From the first line to the last, copy the listing exactly and omit the pictures.

══ Exercise data ══

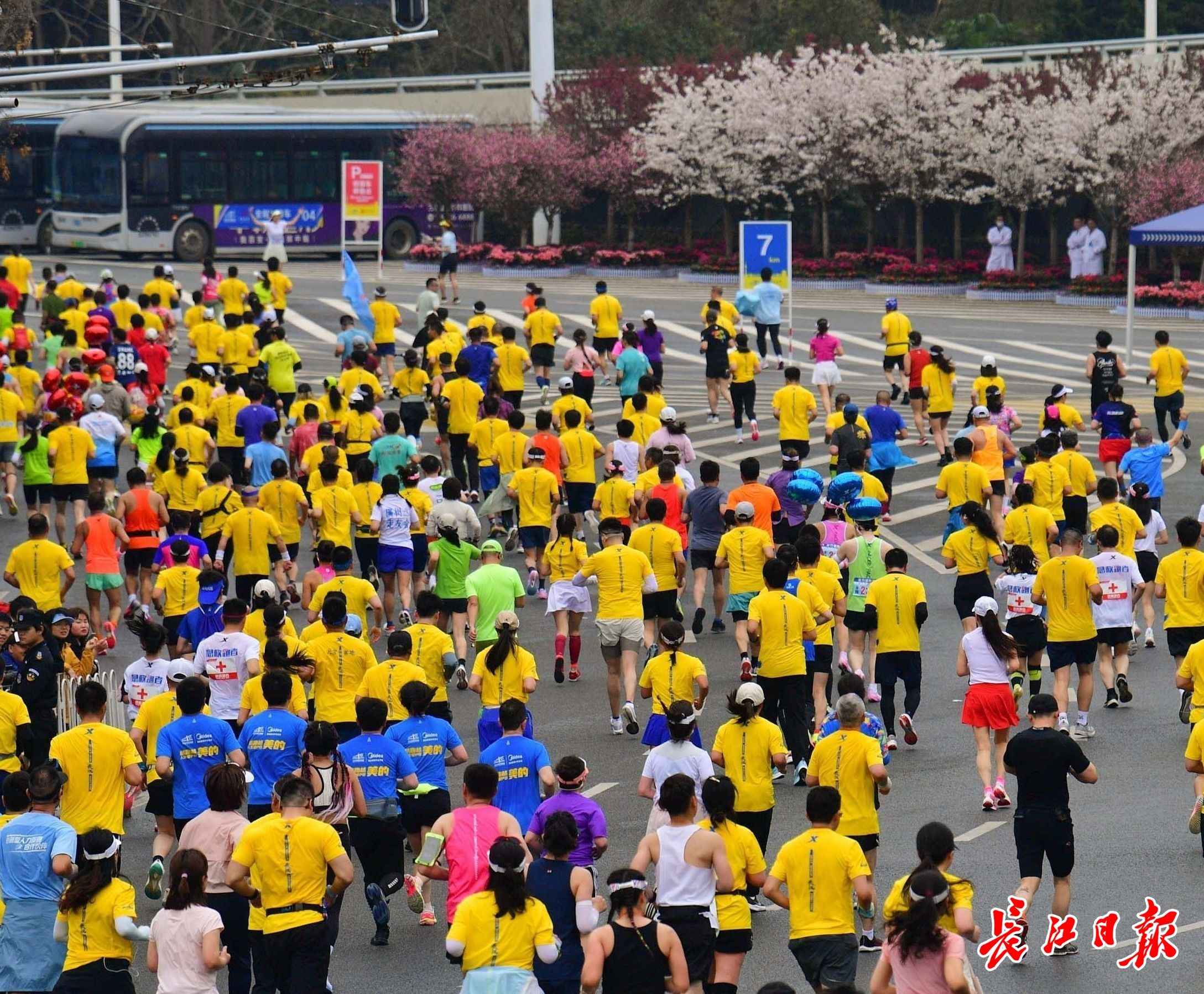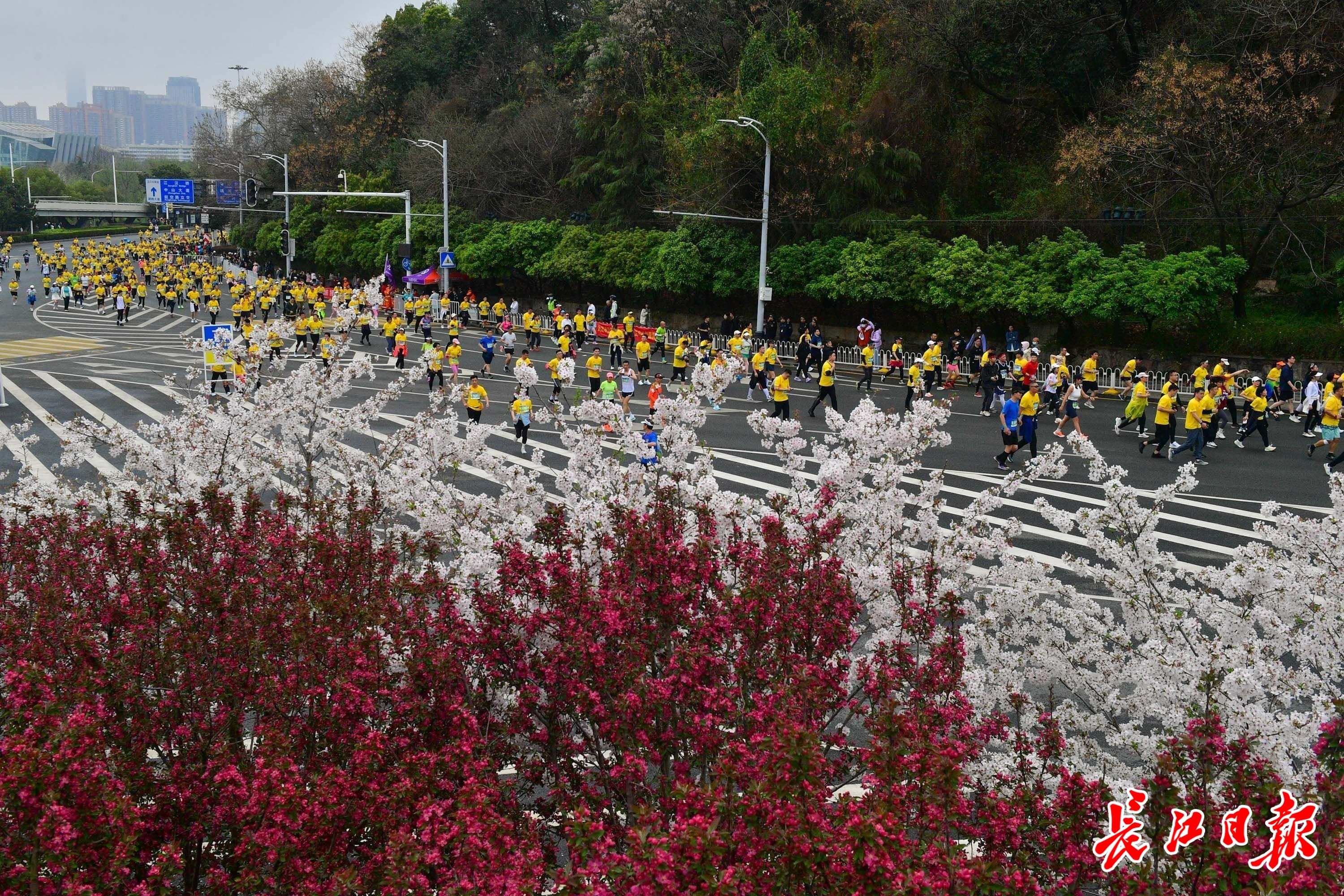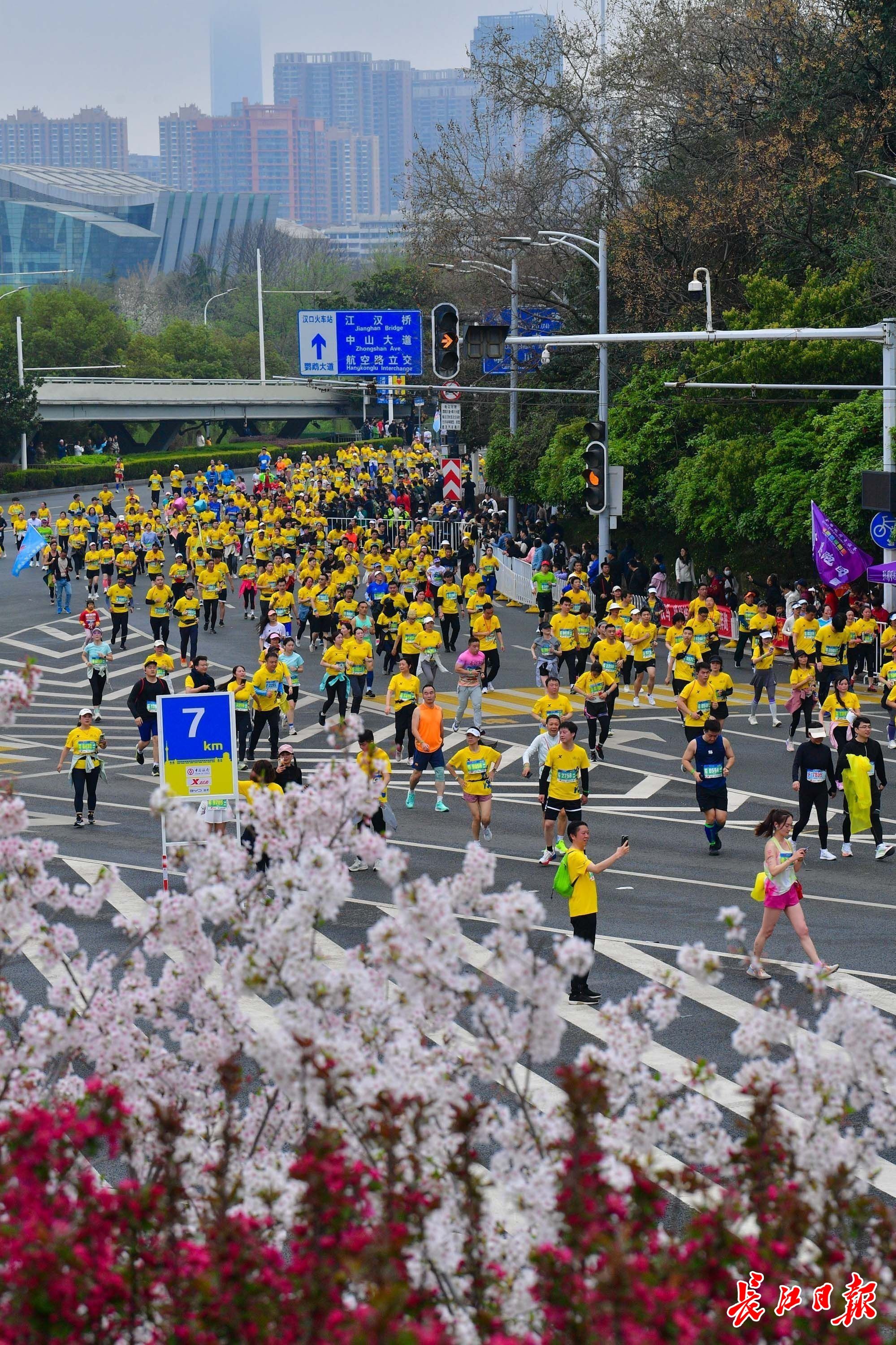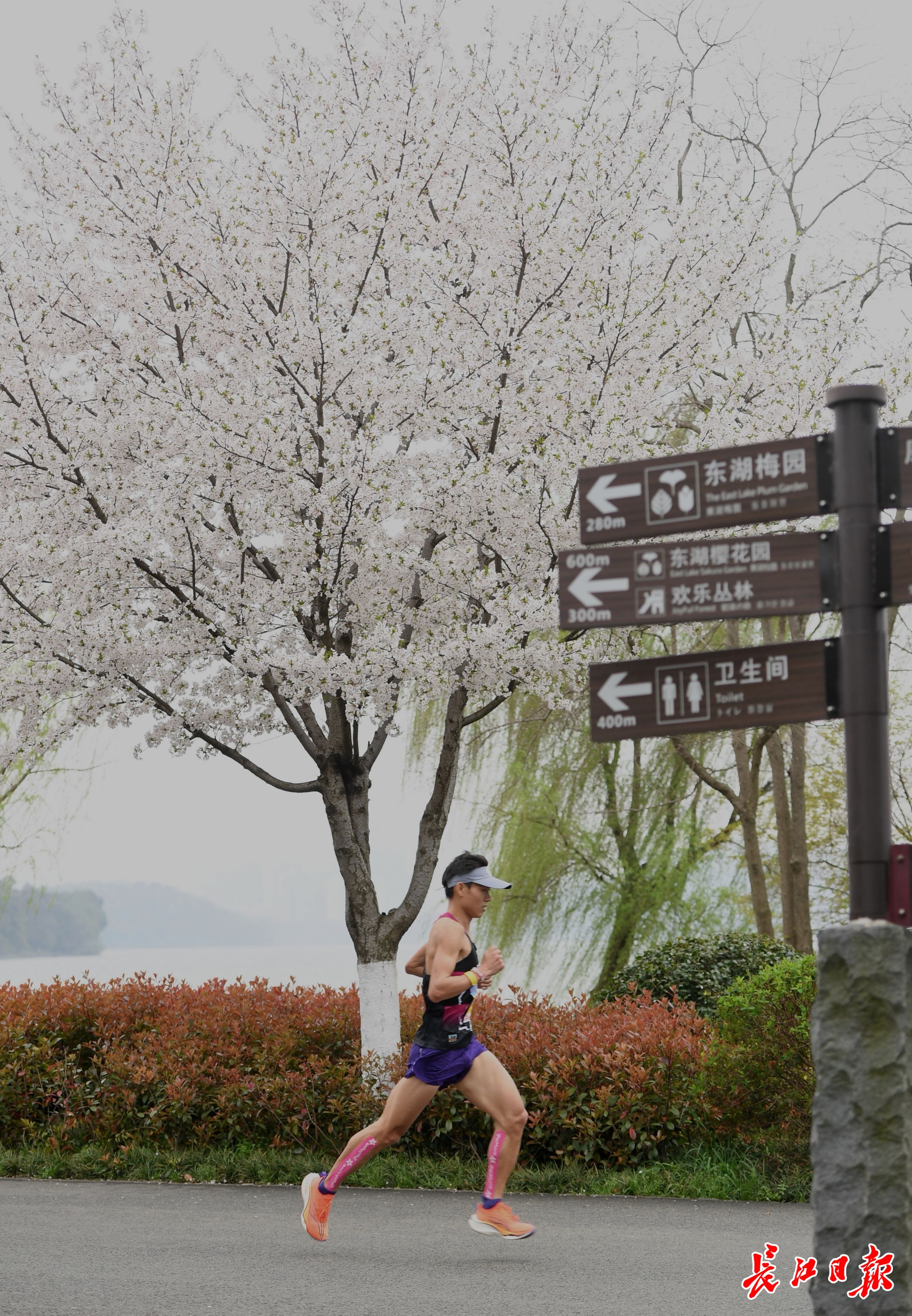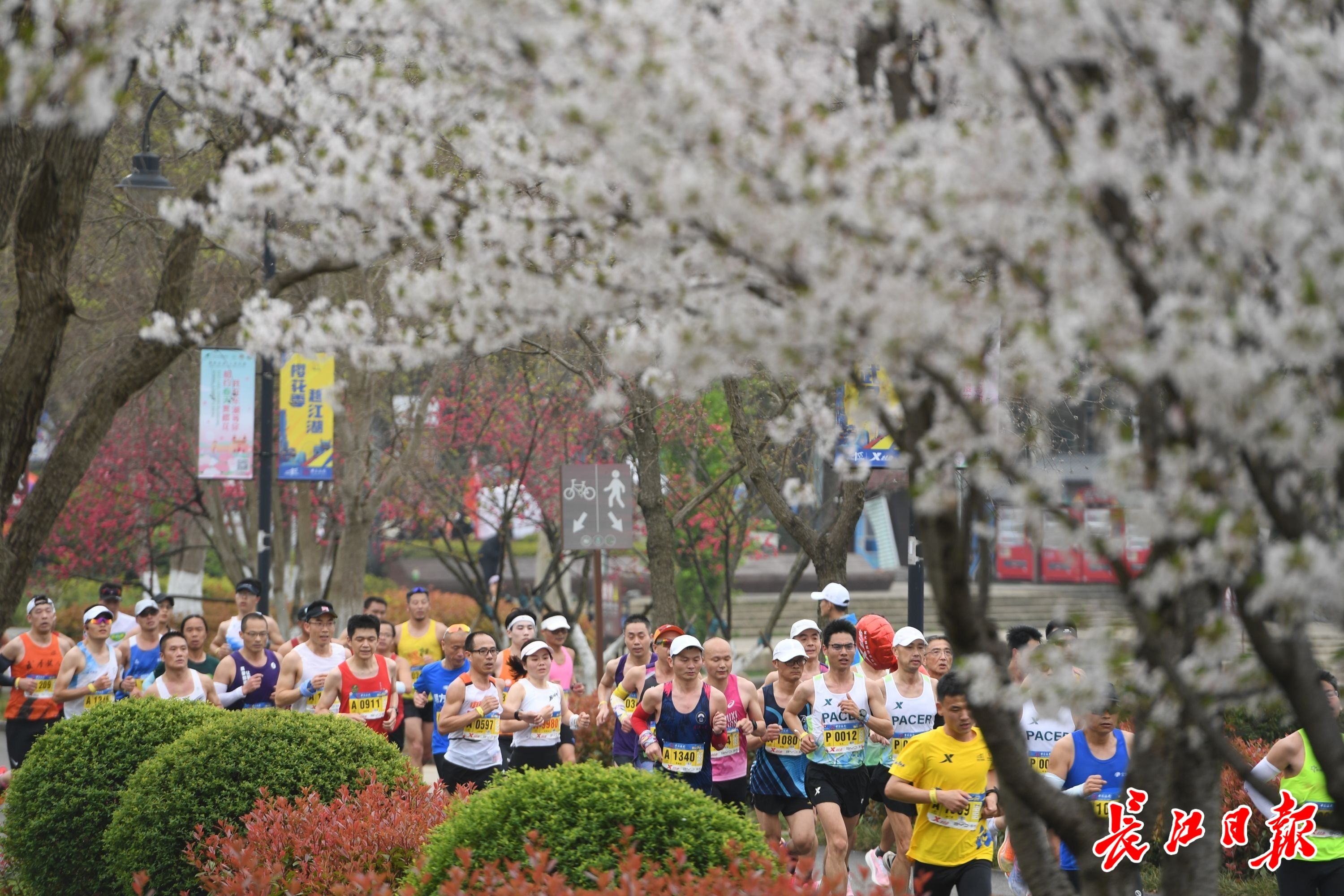 当汉马遇上樱花,又燃又美 ©原创 2024-03-24 10:25 0 3月24日7时30分,2024武汉马拉松鸣枪开跑,30000名来自29个国家和地区的参赛选手一起跨越江湖,奔跑在樱花盛开的江城武汉。这也是汉马举办多年来,首次邂逅最美樱花季,让我们一起来感受最美赛道的魅力。 参加武汉马拉松的选手从汉阳琴台立交桥下的樱花树下跑过。 汉马选手奔跑在樱花绽放的东湖赛道,数百株樱花绽放东湖绿道,浪漫动人。 2024年3月24日,汉马东湖绿道九女墩赛段,在市民的加油助威声中,选手快速跑过樱花赛道。 (汉马摄影报道组 记者李永刚 高勇 胡冬冬) 【编辑整合:赵可】
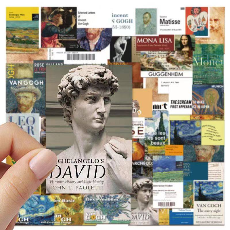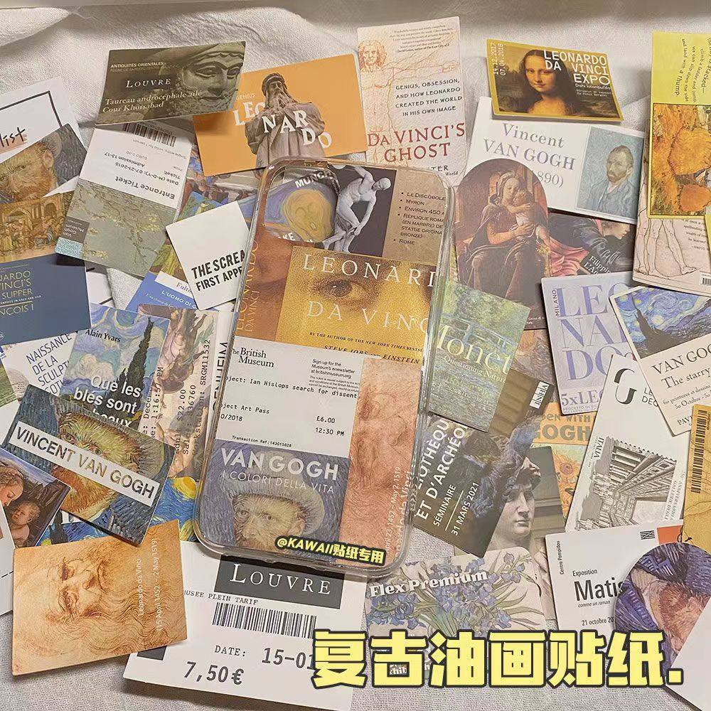 50张艺术馆文艺油画票根涂鸦水杯装饰行李箱笔记本吉他防水贴纸
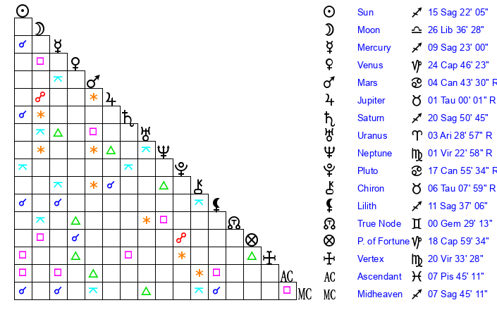 | Saturn | 21 Sagittarius 11 | 25 Pisces 8 | 0 Capricorn 17 |

═══

§ **Solution**:
 当汉马遇上樱花,又燃又美 ©原创 2024-03-24 10:25 0 3月24日7时30分,2024武汉马拉松鸣枪开跑,30000名来自29个国家和地区的参赛选手一起跨越江湖,奔跑在樱花盛开的江城武汉。这也是汉马举办多年来,首次邂逅最美樱花季,让我们一起来感受最美赛道的魅力。 参加武汉马拉松的选手从汉阳琴台立交桥下的樱花树下跑过。 汉马选手奔跑在樱花绽放的东湖赛道,数百株樱花绽放东湖绿道,浪漫动人。 2024年3月24日,汉马东湖绿道九女墩赛段,在市民的加油助威声中,选手快速跑过樱花赛道。 (汉马摄影报道组 记者李永刚 高勇 胡冬冬) 【编辑整合:赵可】
 50张艺术馆文艺油画票根涂鸦水杯装饰行李箱笔记本吉他防水贴纸
 | Saturn | 21 Sagittarius 11 | 25 Pisces 8 | 0 Capricorn 17 |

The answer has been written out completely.